## Data block
--
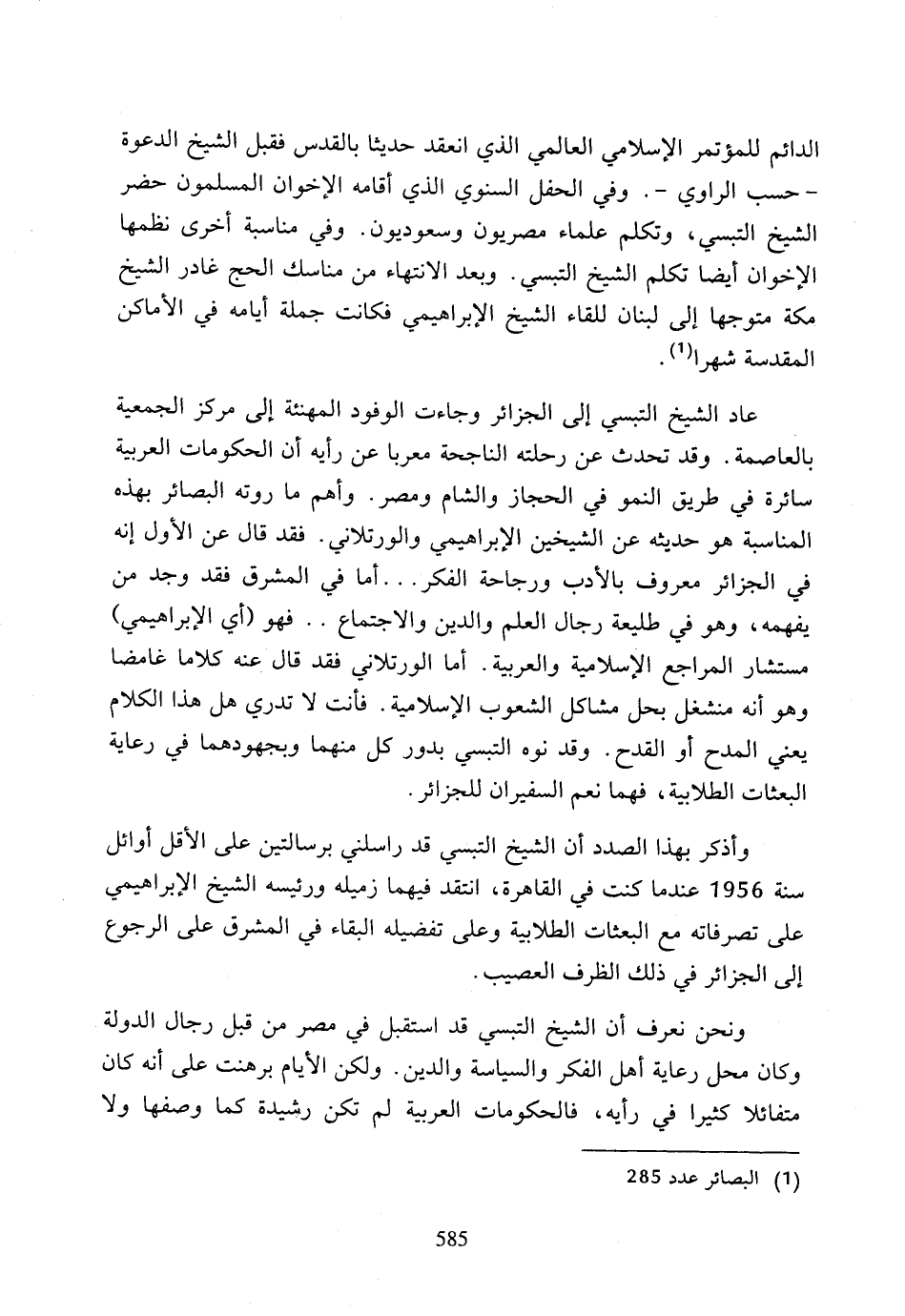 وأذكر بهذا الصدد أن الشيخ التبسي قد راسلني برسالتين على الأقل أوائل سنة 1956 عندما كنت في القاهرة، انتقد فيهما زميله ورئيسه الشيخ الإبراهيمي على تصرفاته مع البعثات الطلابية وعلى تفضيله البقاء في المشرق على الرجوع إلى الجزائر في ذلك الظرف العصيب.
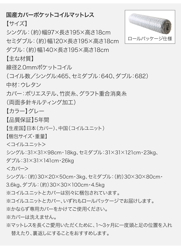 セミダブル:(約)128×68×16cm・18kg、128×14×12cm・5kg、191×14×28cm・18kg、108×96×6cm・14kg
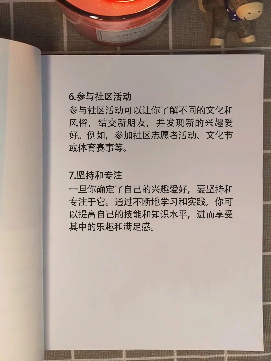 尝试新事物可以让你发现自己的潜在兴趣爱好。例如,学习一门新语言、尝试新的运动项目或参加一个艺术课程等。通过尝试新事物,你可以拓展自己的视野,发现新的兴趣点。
--
## The problem
Write out the listing again word for word, but without its pictures.

## Your solution
 وأذكر بهذا الصدد أن الشيخ التبسي قد راسلني برسالتين على الأقل أوائل سنة 1956 عندما كنت في القاهرة، انتقد فيهما زميله ورئيسه الشيخ الإبراهيمي على تصرفاته مع البعثات الطلابية وعلى تفضيله البقاء في المشرق على الرجوع إلى الجزائر في ذلك الظرف العصيب.
 セミダブル:(約)128×68×16cm・18kg、128×14×12cm・5kg、191×14×28cm・18kg、108×96×6cm・14kg
 尝试新事物可以让你发现自己的潜在兴趣爱好。例如,学习一门新语言、尝试新的运动项目或参加一个艺术课程等。通过尝试新事物,你可以拓展自己的视野,发现新的兴趣点。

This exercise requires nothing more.